И иглы лучей опять найдут нашу кровь. Не надо, не плачь. Сиди и смотри,

Как горлом идет любовь.

Лови ее ртом. Стаканы тесны.

Торпедный аккорд — до дна.

Рекламный плакат последней весны

Качает квадрат окна.

Дырявый висок. Слепая орда.

Пойми, никогда не поздно снимать броню.

Целуя кусок трофейного льда

Я молча иду к огню.

Мы — выродки крыс. Мы — пасынки птиц.

И каждый на треть — патрон.

Лежи и смотри, как ядерный принц

Несет свою плеть на трон.

Не плачь, не жалей. Кого нам жалеть ?

Ведь ты, как и я, сирота.

Ну, что ты? Смелей! Нам нужно лететь!

А ну от винта! Все от винта!

СПРОСИ, ЗВЕЗДА

Ой-ей-ей, спроси меня, ясная звезда,

Не скучно ли долбить толоконные лбы ?

Я мету сор новых песен

из старой избы.

Отбивая поклоны, мне хочется встать на дыбы.

Но там — только небо

в кольчуге из синего льда.

Ой-ей-ей, спроси меня, ясная звезда,

Не скучно ли все время вычесывать блох ?

Я молюсь, став коленями на горох.

Меня слышит бог Никола-Лесная вода.

Но сабля ручья

спит в ножнах из синего льда.

Каждому времени — свои ордена.

Но дайте же каждому валенку свой фасон!

Я сам знаю тысячу реальных потех,

и я боюсь сна

из тех, что на все времена.

Звезда! Я люблю колокольный звон…

С земли по воде сквозь огонь в небеса

звон…

Ой-й-й, спроси, звезда,

да скоро ли сам усну,

отлив себе шлем из синего льда ?

Белым зерном меня кормила зима

Там,где сойти с ума не сложней,

чем порвать струну.

Звезда! Зачем мы вошли сюда ?

Мы пришли, чтобы разбить эти латы из синего льда.

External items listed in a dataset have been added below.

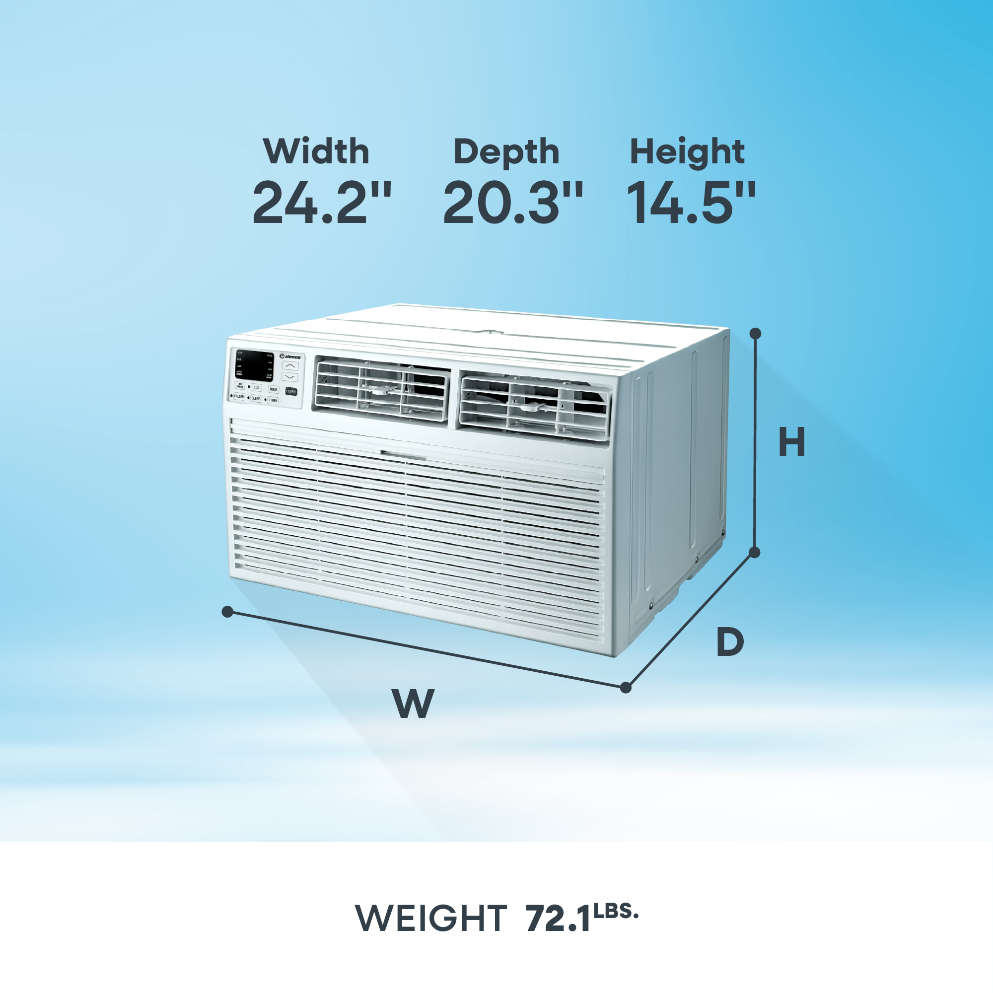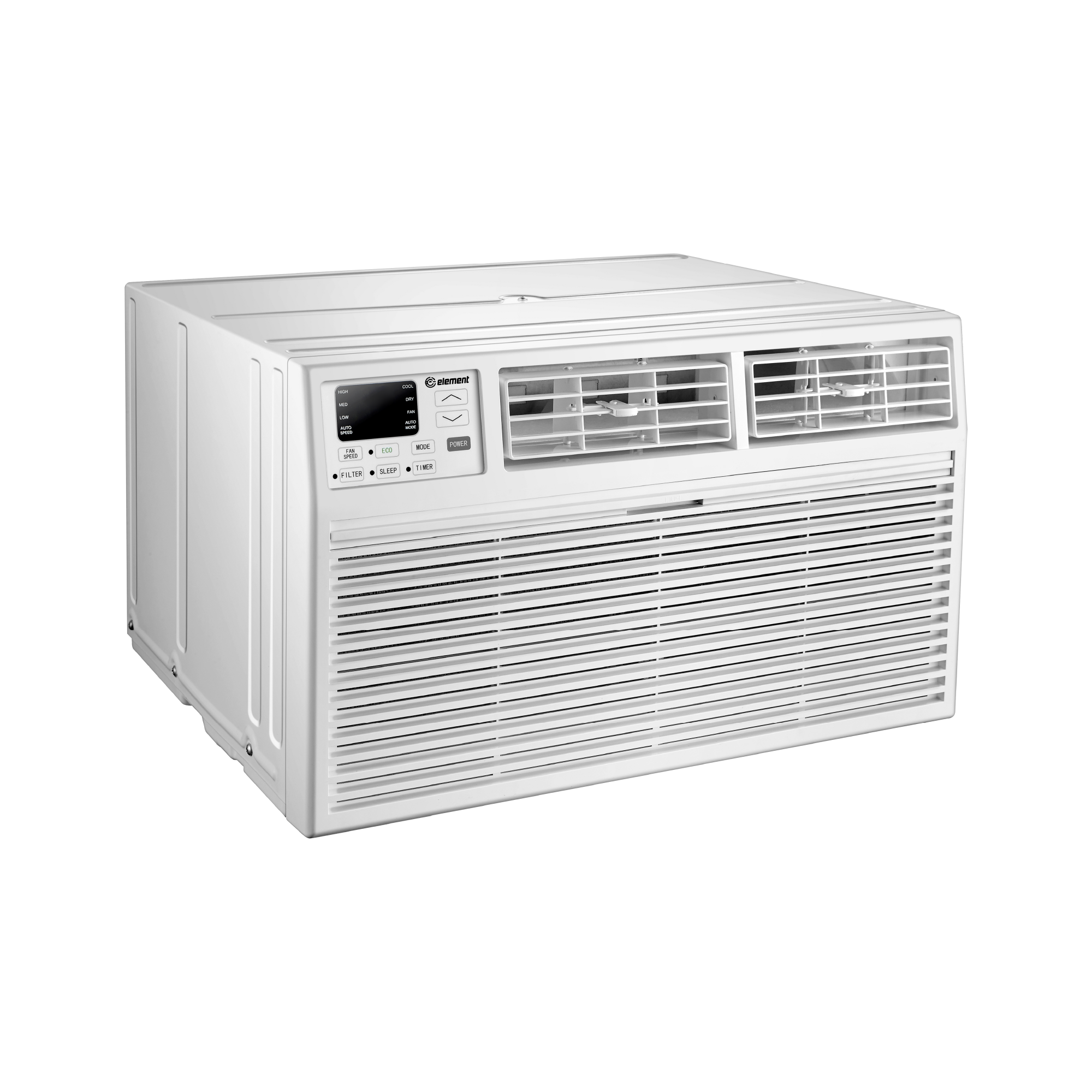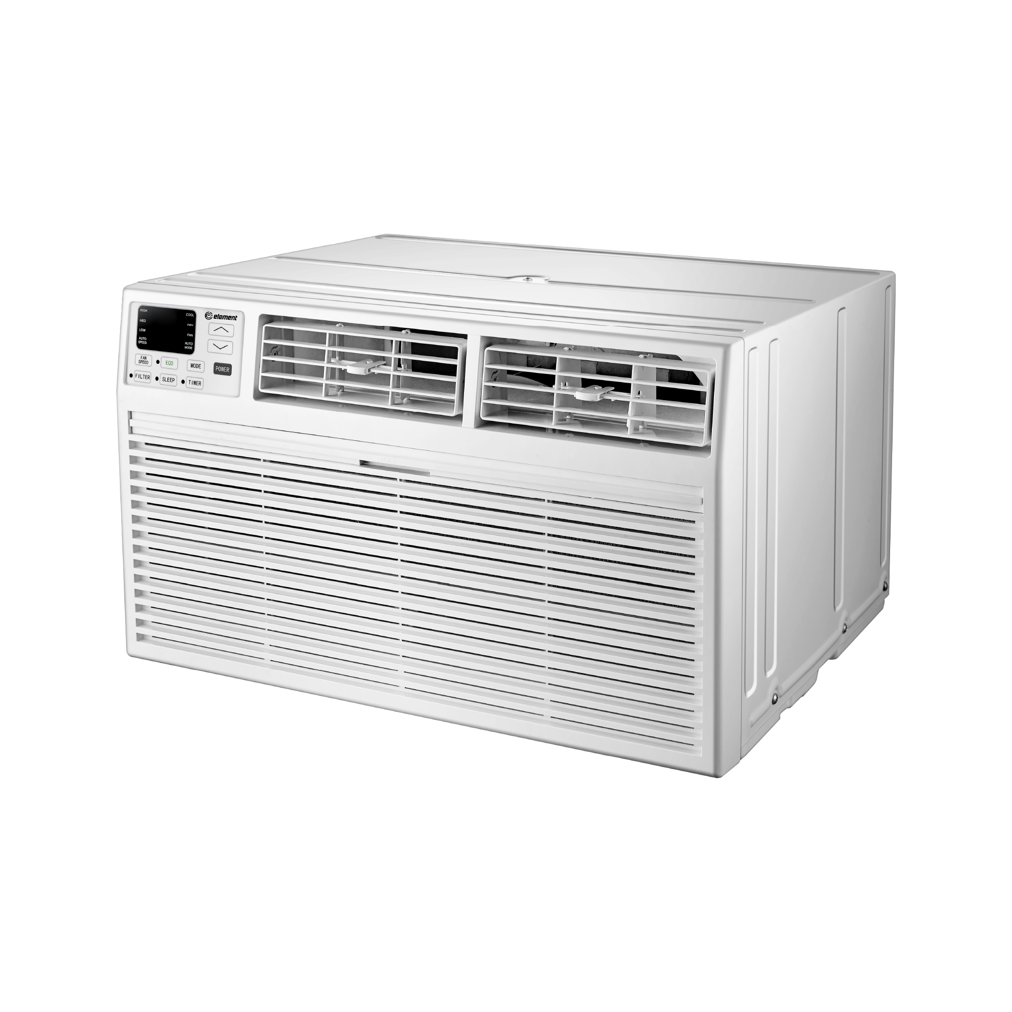 Take back your floor space and enjoy permanent cooling comfort. The Element 14,000 BTU Through-the-Wall Air Conditioner cools up to 700 square feet with powerful, reliable performance and installs directly into your wall sleeve. Installation is straightforward with a universal fit design compatible with standard wall sleeves, and the trim kit is included to match your décor. Remote control operation lets you manage temperature and fan speed from anywhere in the room, while Sleep Mode automatically adjusts settings for restful nights. The built-in dehumidifier removes excess moisture, and the washable filter simplifies maintenance. With electronic controls, a programmable 24-hour timer, and energy-saving Eco Mode, the Element 14,000 BTU Through-the-Wall Air Conditioner delivers the permanent cooling solution your home deserves.
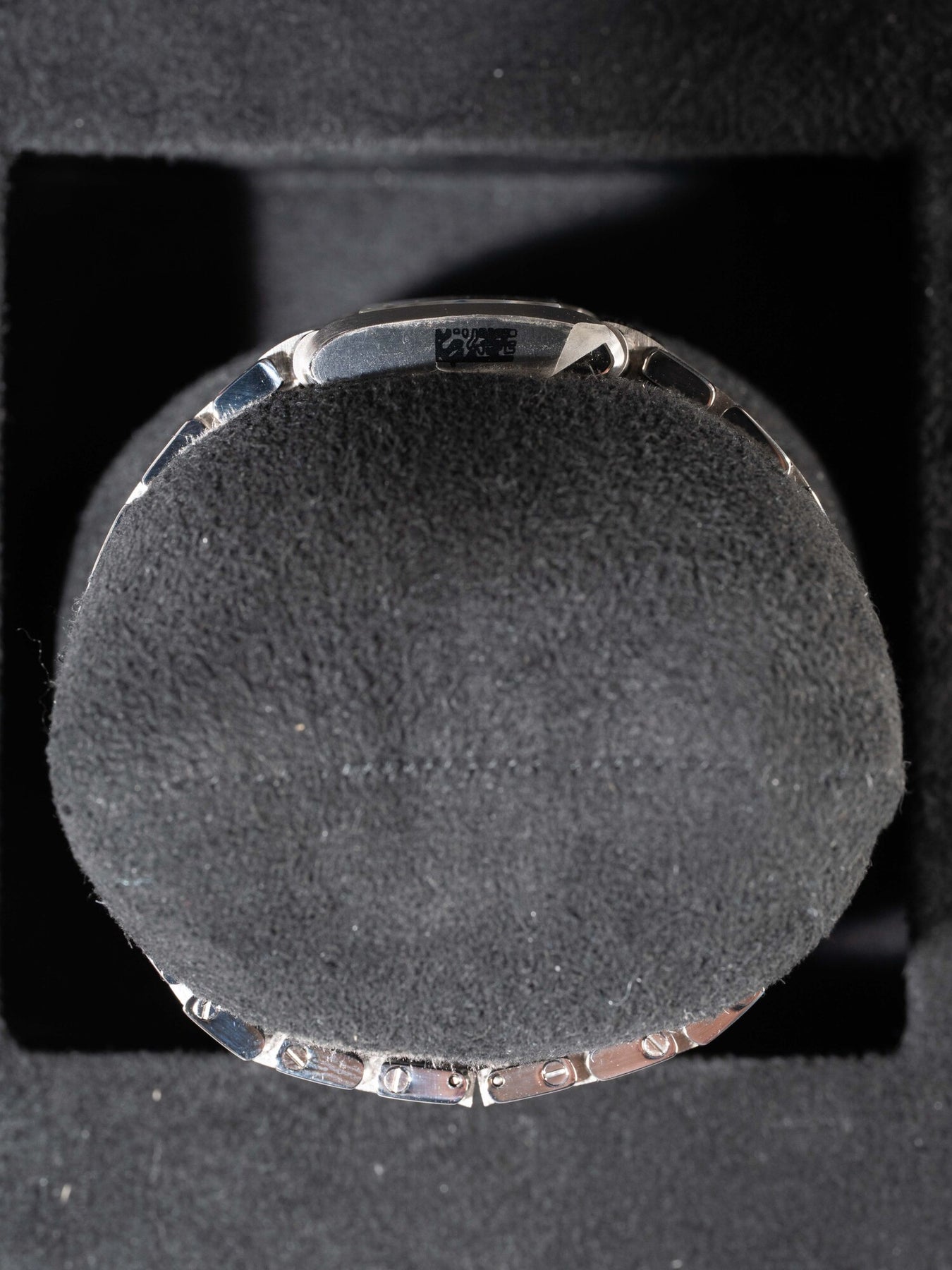 25mm stainless steel case, crown set on the right side of the watch. White roman dial, stainless steel bracelet.
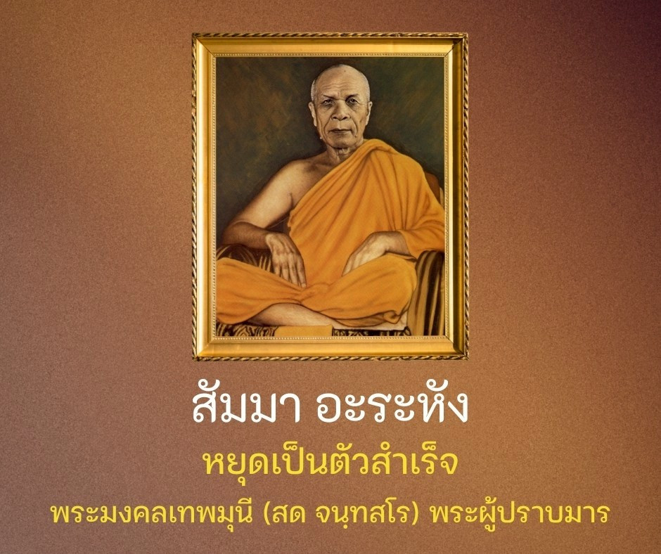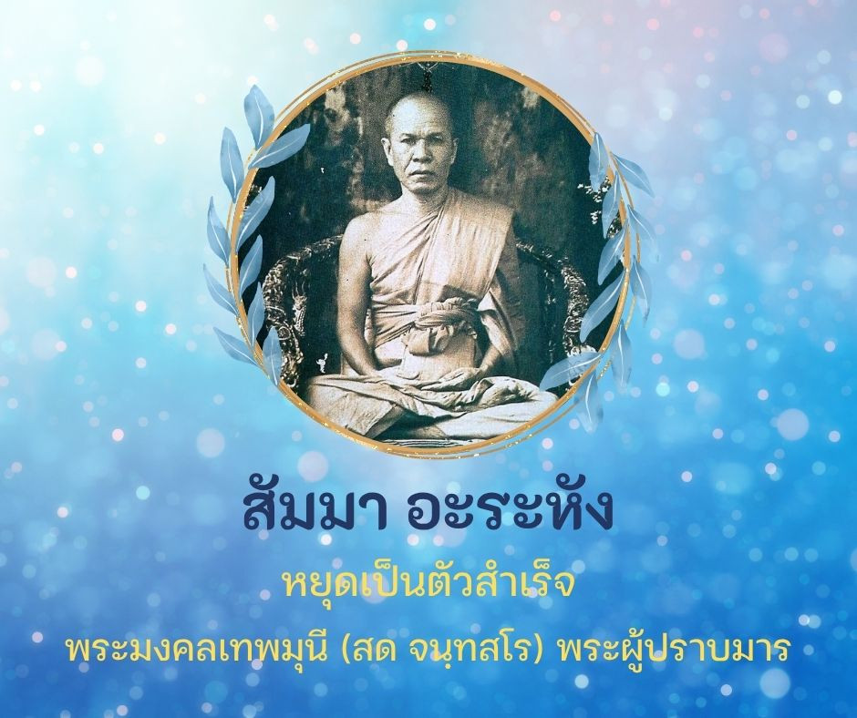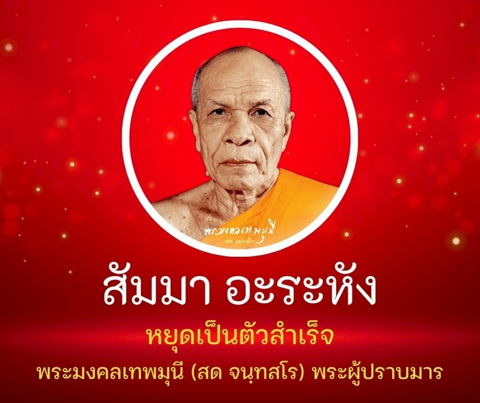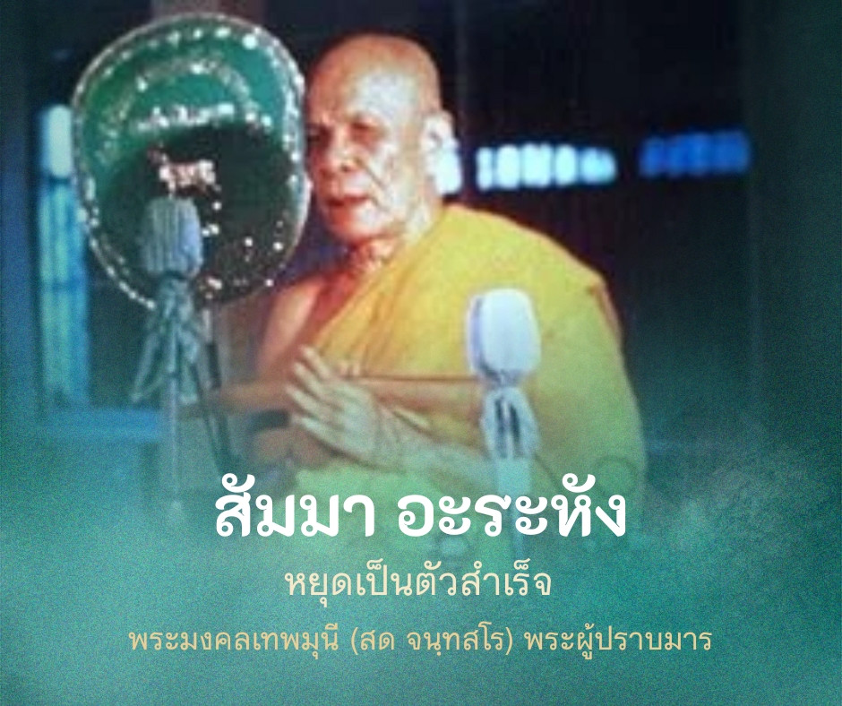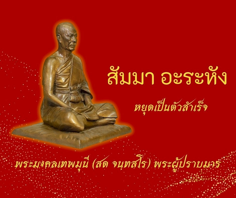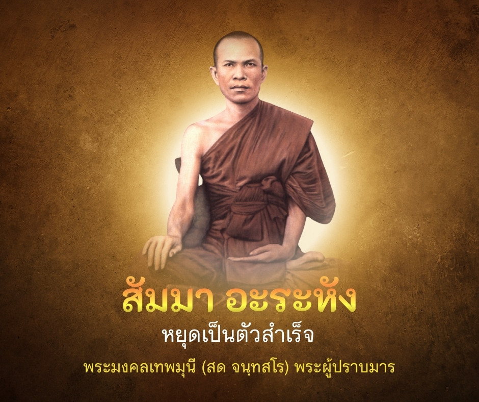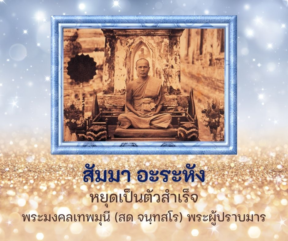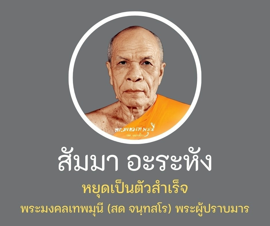 "May we constantly recall the Most Venerable Luangpu, Phramongkolthepmuni (Sodh Candasaro), the Mara Vanquisher, and keep him in mind at all times."
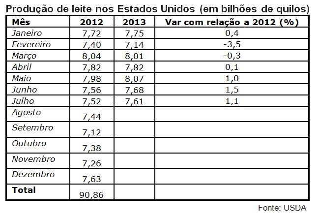 Apesar de a produção ter aumentado em 8,6 milhões de quilos nos primeiros sete meses do ano, a porcentagem do aumento foi quase imperceptível, sendo de apenas 0,07%. A produção de leite até agora nesse ano totalizou 54,08 bilhões de quilos.
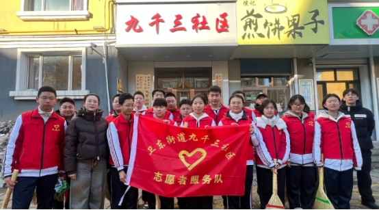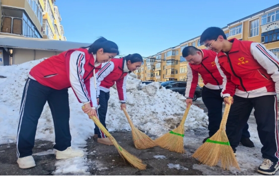 初春寒意未消,大家挥动双臂清扫社区积雪,劳动场面热火朝天,保障居民出行安全。
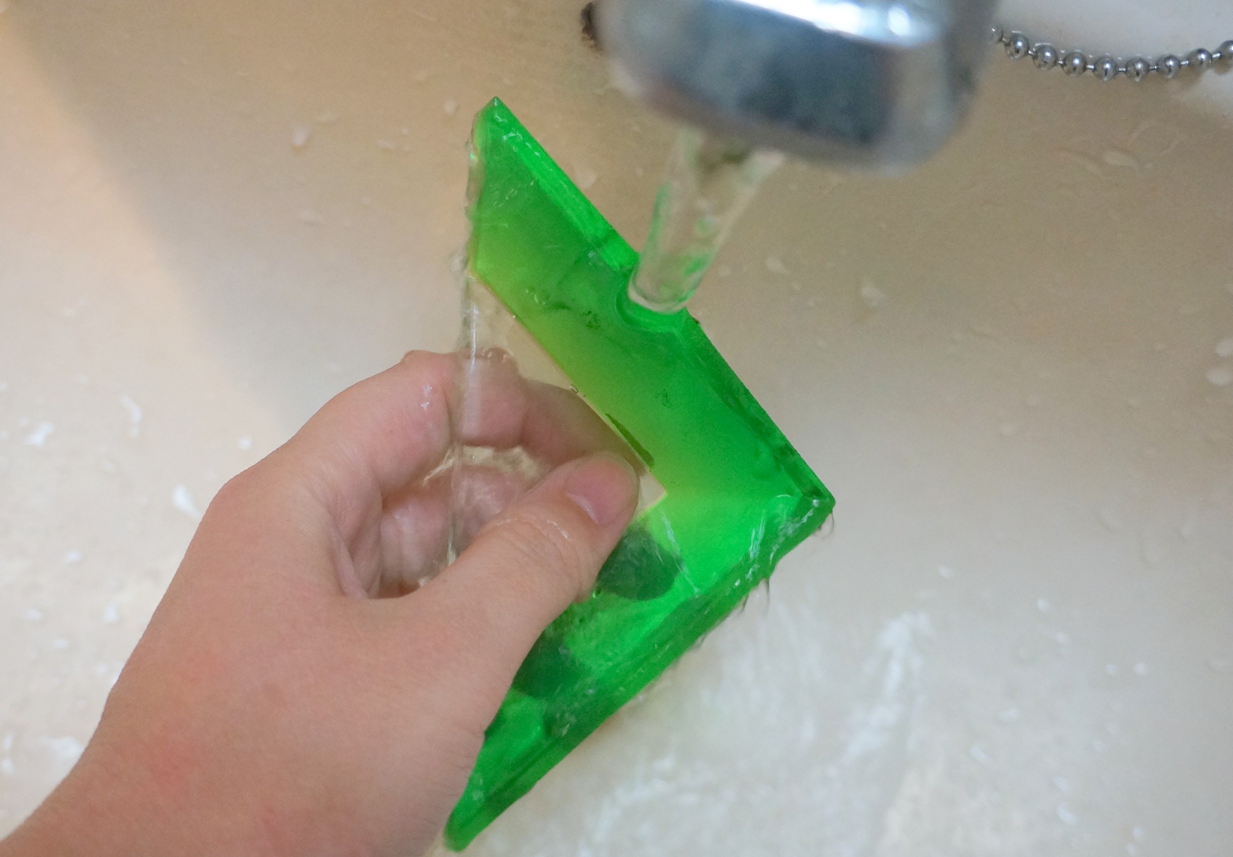 下が水洗い前と水洗い後の比較写真。洗う前に目立っていた汚れやほこりを、だいぶ落とせました。ジェル素材なので確かに汚れは付きやすいですが、水洗いである程度の汚れは落とせると思えば、あまり神経質になる必要はありません。

Мы пришли, чтобы раскрыть эти ножны из синего льда.

Мы сгорим на экранах из синего льда.

Мы украсим шлемы из синего льда.

И мы станем скипетром из синего льда.

Ой-ей-ей, спроси меня, ясная звезда.

Ой-ей-ей, спаси меня, ясная звезда.

ВЕЧНЫЙ ПОСТ

Засучи мне, Господи, рукава!

Подари мне посох на верный

путь!

Я пойду смотреть, как твоя вдова

В кулаке скрутила сухую грудь.

В кулаке скрутила сухую грудь.

Уронила кружево до зари.

Подари мне посох на верный путь!

Отнесу ей постные сухари.

Отнесу ей черные сухари.

Раскрошу да брошу до самых звезд.

Гори-гори ясно! Гори…

По Руси, по матушке — Вечный пост.

Хлебом с болью встретят златые дни.

Завернут в три шкуры да все ребром.

Не собрать гостей на твои огни.

Храни нас, Господи!

Храни нас, покуда не грянет Гром!

Завяжи мой влас песней на ветру!

Положи ей властью на имена!

Я пойду смотреть, как твою сестру

Кроют сваты в темную, в три бревна.

Как венчают в сраме, приняв пинком.

Синяком суди, да ряди в ремни.

Но сегодня вечером я тайком

Отнесу ей сердце, летящее с яблони.

Пусть возьмет на зуб, да не в квас, а в кровь.

Коротки причастия на Руси.

Не суди ты нас! На Руси любовь

Испокон сродни всякой ереси.

Испокон сродни черной ереси.

На клинках клялись. Пели до петли.

Да с кем не куролесь, где не колеси,

А живи, как есть —

в три погибели.

Как в глухом лесу плачет черный дрозд.

Как присело солнце с пустым ведром.

Русую косу правит Вечный пост.

Храни нас, Господи, покуда не грянет Гром!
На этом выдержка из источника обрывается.